*** INPUT DATA Section Begins ***

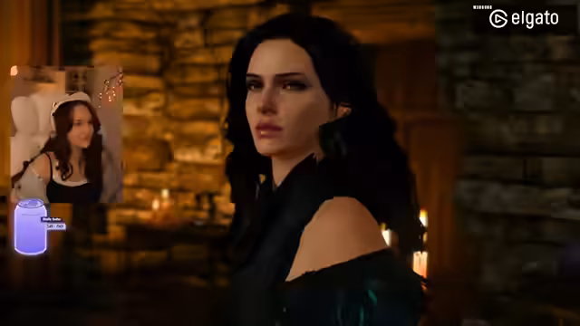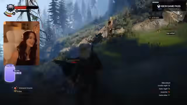 03:34:02Der Fokus liegt auf dem Gameplay von The Witcher 3. Die Streamerin hat das Ziel, den verschwundenen Hexer Eskel zu finden. Nach der Interaktion mit Yennefer sucht sie nach dessen Spuren, spricht mit Dorfbewohnern und ermittelt auf der Basis ihrer Hexersinne. Der Verlauf der Quest ist geprägt von Erkundungen, dem Einsammeln von Alchemiezutaten und dem Kampf gegen Monster, darunter ein fliegender Drache, den sie nur knapp besiegen kann.
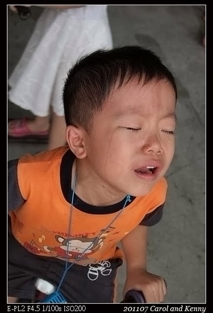 哭了..因為姊姊說..他騎太慢…被淘汰…
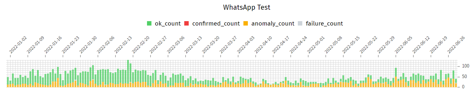 During the first half-year of 2022, 753,018 OONI measurements were collected from 2,130 websites through 37 vantage points in Myanmar. From this total, it was seen that 88.8% (668,881) were OK, 9.9% (74,711) were anomalies, 1.1% (7,953) were failed measurements and 0.2% (1,473) were confirmed blockings.
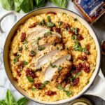This Easy Risotto with Sun-Dried Tomatoes, Basil, and Chicken is a comforting and flavorful dish perfect for a quick weeknight dinner. Tender chicken breasts are pan-seared to golden perfection and served over creamy, cheesy risotto studded with sun-dried tomatoes and fresh basil. The combination of white wine, garlic, and Italian seasonings elevates each bite for a delicious, restaurant-quality meal made in under 40 minutes.
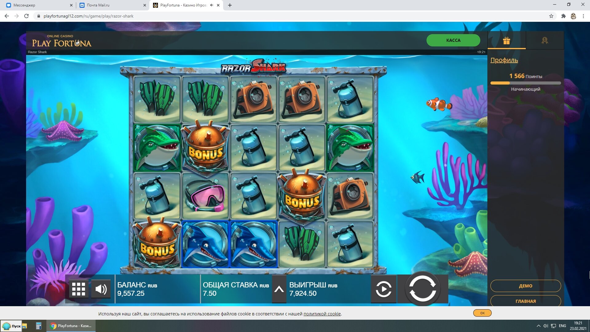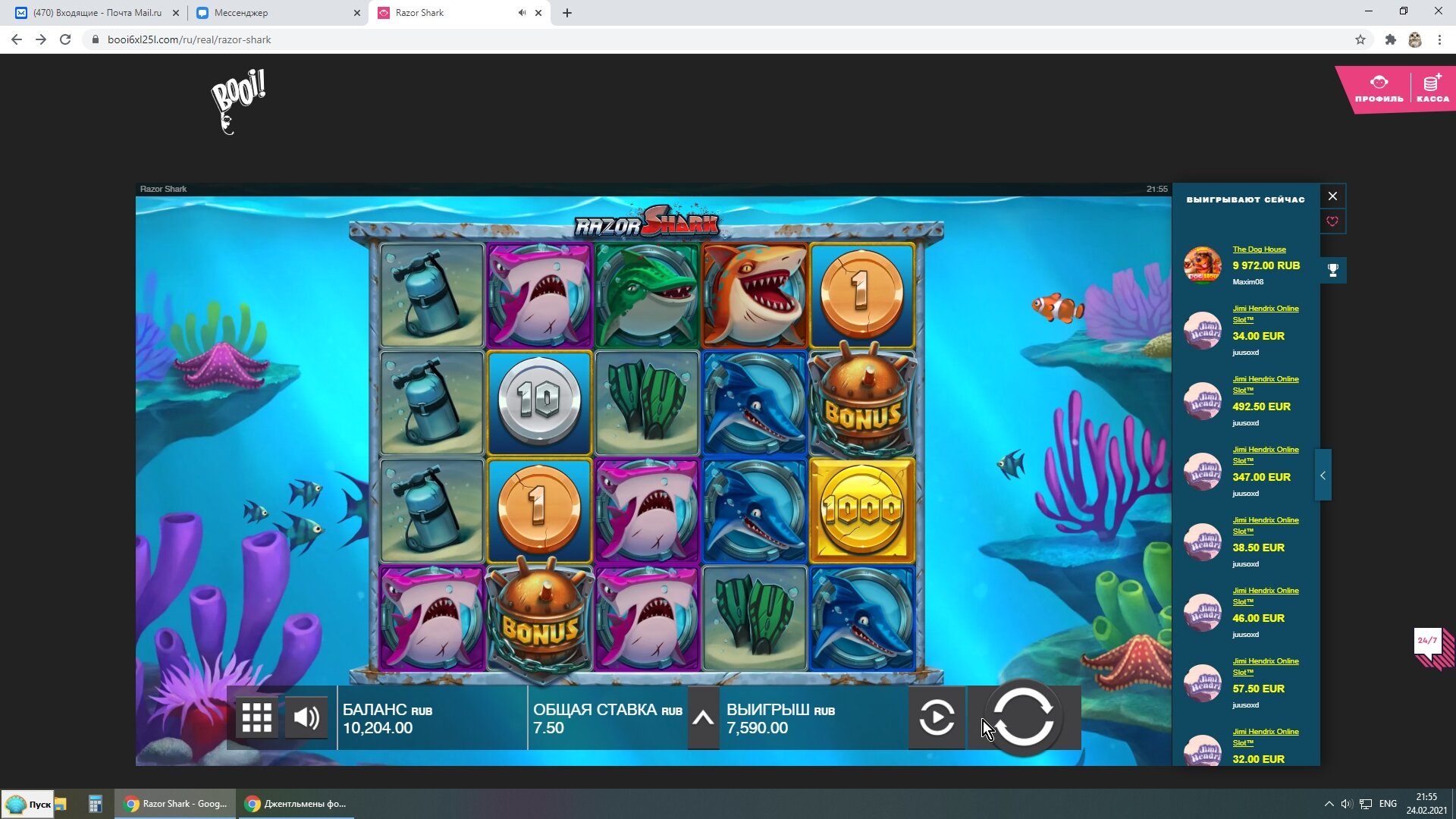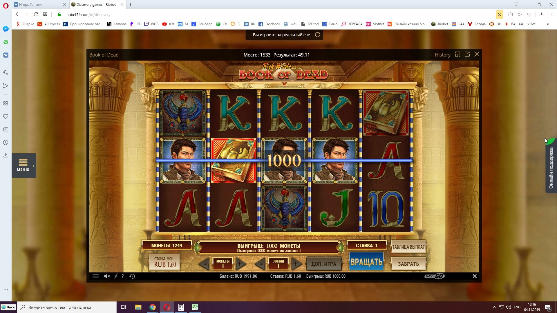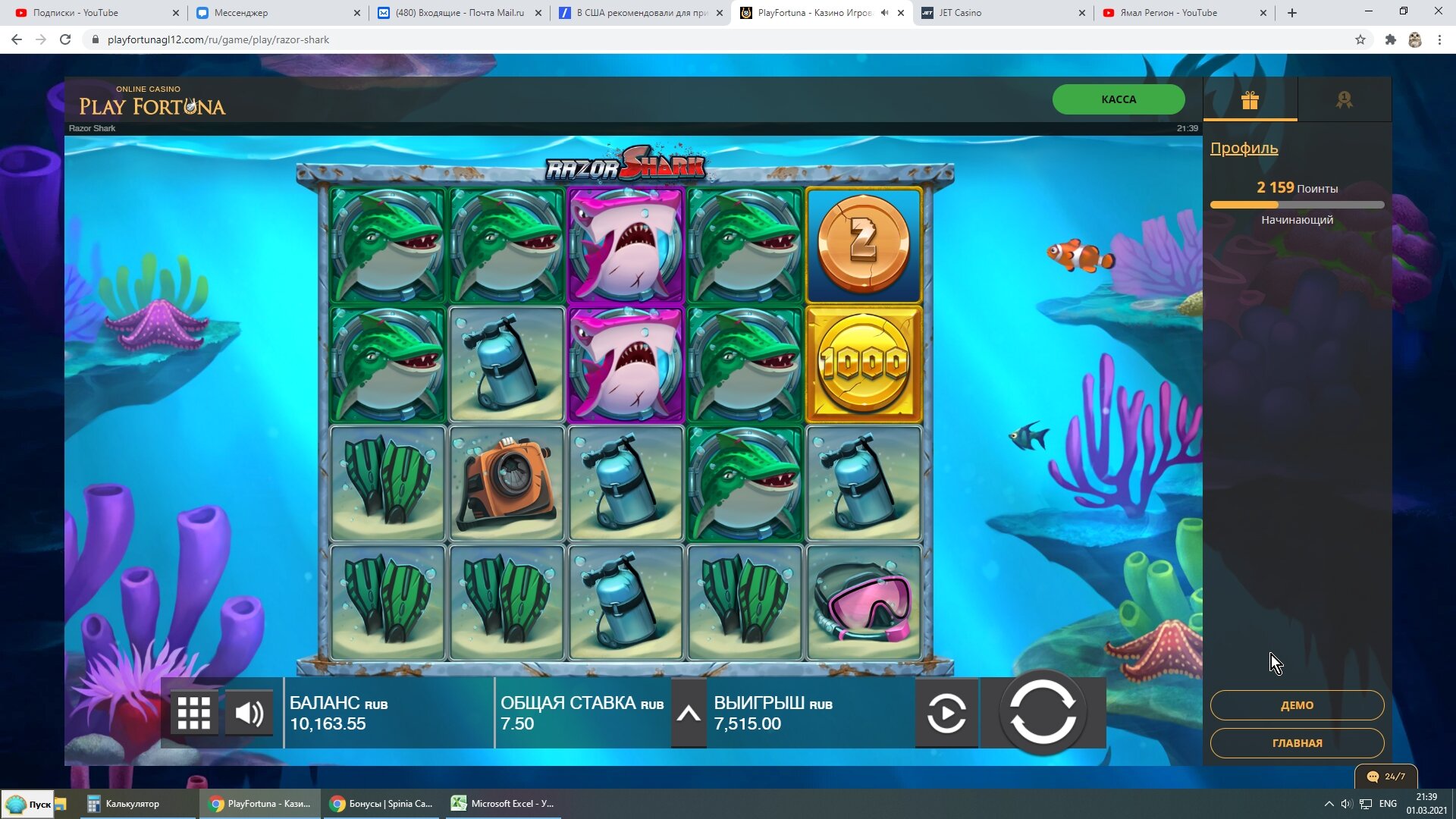 Вот наглядный пример как я делаю плюс в казино.Сегодня нашел новое казино WINOTA. Пополнил через экопейз 800 рублей. И зашел в RAZOR SHARK.На балансе оставалось около 200 рублей получаю существенный плюс за счет монет.Следующие мои действия сохранить без больших потерь баланс и вывести. А так как получил выигрыш после примерно спинов на сумму 500 рублей, то вычисляю что при депозите 800 рублей мне нужно ставок на 2400.На 500 рублей я уже сделал ставки.Остается всего 1900 рублей.Правильное решение идти в низкодисперсионный слот и отмыть вагер х3 на депозит.Дальше напишу итоги отмыва.
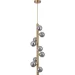 Современный стильный подвесной светильник на девять ламп с длинным вертикальным металлическим корпусом на котором расположены стеклянные плафоны-шары диаметром 8 см.
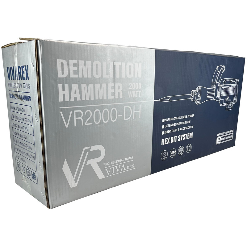 بتن کن تخریب 16 کیلویی ویوارکس مدل VR2000-DH دارای قلمهای مصرفی متنوع میباشد و حداکثر تعداد ضربه 1450 BPM در حالت تخریب را داراست. همچنین با دکمه قفل سوییچ برای ایجاد راحتی و آسانی در هنگام استفاده مداوم از این ابزار تجهیز شده است. بتن کن تخریب ویوارکس ابزارهایی با توان ورودی و ضربه بالا و بدنه بسیار مستحکم هستند تا بتوانند فشار ناشی از تخریبهای بزرگ را تحمل کرده و بدون آسیب دیدن عمل کنند. دارای مکانیزم روغنکاری برای کاهش استهلاک و افزایش طول عمر دستگاه است، دارای دسته گردان 360 درجه آنتی شوک برای اعمال کنترل بیشتر کاربر میباشد و همچین مجهز به موتور پر قدرت 2000 واتی با توان ضربه 60 ژول با عملکرد عالی میباشد. مجهز به جعبه فلزی و مقاوم برای حفظ و نگه داری که کاربرد بسیار بالایی دارد.
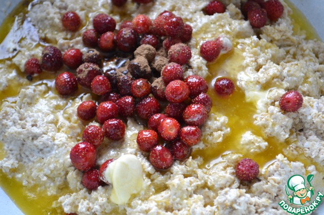 В хлопья с кефиром добавить клубнику, корицу, ванилин (я этот раз делала без него) и вылить маргарин с медом. Хорошо перемешать.

*** INPUT DATA Section Ends ***

Retype everything in the entries above exactly. The pictures are to be omitted.

 03:34:02Der Fokus liegt auf dem Gameplay von The Witcher 3. Die Streamerin hat das Ziel, den verschwundenen Hexer Eskel zu finden. Nach der Interaktion mit Yennefer sucht sie nach dessen Spuren, spricht mit Dorfbewohnern und ermittelt auf der Basis ihrer Hexersinne. Der Verlauf der Quest ist geprägt von Erkundungen, dem Einsammeln von Alchemiezutaten und dem Kampf gegen Monster, darunter ein fliegender Drache, den sie nur knapp besiegen kann.
 哭了..因為姊姊說..他騎太慢…被淘汰…
 During the first half-year of 2022, 753,018 OONI measurements were collected from 2,130 websites through 37 vantage points in Myanmar. From this total, it was seen that 88.8% (668,881) were OK, 9.9% (74,711) were anomalies, 1.1% (7,953) were failed measurements and 0.2% (1,473) were confirmed blockings.
This Easy Risotto with Sun-Dried Tomatoes, Basil, and Chicken is a comforting and flavorful dish perfect for a quick weeknight dinner. Tender chicken breasts are pan-seared to golden perfection and served over creamy, cheesy risotto studded with sun-dried tomatoes and fresh basil. The combination of white wine, garlic, and Italian seasonings elevates each bite for a delicious, restaurant-quality meal made in under 40 minutes.
 Вот наглядный пример как я делаю плюс в казино.Сегодня нашел новое казино WINOTA. Пополнил через экопейз 800 рублей. И зашел в RAZOR SHARK.На балансе оставалось около 200 рублей получаю существенный плюс за счет монет.Следующие мои действия сохранить без больших потерь баланс и вывести. А так как получил выигрыш после примерно спинов на сумму 500 рублей, то вычисляю что при депозите 800 рублей мне нужно ставок на 2400.На 500 рублей я уже сделал ставки.Остается всего 1900 рублей.Правильное решение идти в низкодисперсионный слот и отмыть вагер х3 на депозит.Дальше напишу итоги отмыва.
 Современный стильный подвесной светильник на девять ламп с длинным вертикальным металлическим корпусом на котором расположены стеклянные плафоны-шары диаметром 8 см.
 بتن کن تخریب 16 کیلویی ویوارکس مدل VR2000-DH دارای قلمهای مصرفی متنوع میباشد و حداکثر تعداد ضربه 1450 BPM در حالت تخریب را داراست. همچنین با دکمه قفل سوییچ برای ایجاد راحتی و آسانی در هنگام استفاده مداوم از این ابزار تجهیز شده است. بتن کن تخریب ویوارکس ابزارهایی با توان ورودی و ضربه بالا و بدنه بسیار مستحکم هستند تا بتوانند فشار ناشی از تخریبهای بزرگ را تحمل کرده و بدون آسیب دیدن عمل کنند. دارای مکانیزم روغنکاری برای کاهش استهلاک و افزایش طول عمر دستگاه است، دارای دسته گردان 360 درجه آنتی شوک برای اعمال کنترل بیشتر کاربر میباشد و همچین مجهز به موتور پر قدرت 2000 واتی با توان ضربه 60 ژول با عملکرد عالی میباشد. مجهز به جعبه فلزی و مقاوم برای حفظ و نگه داری که کاربرد بسیار بالایی دارد.
 В хлопья с кефиром добавить клубнику, корицу, ванилин (я этот раз делала без него) и вылить маргарин с медом. Хорошо перемешать.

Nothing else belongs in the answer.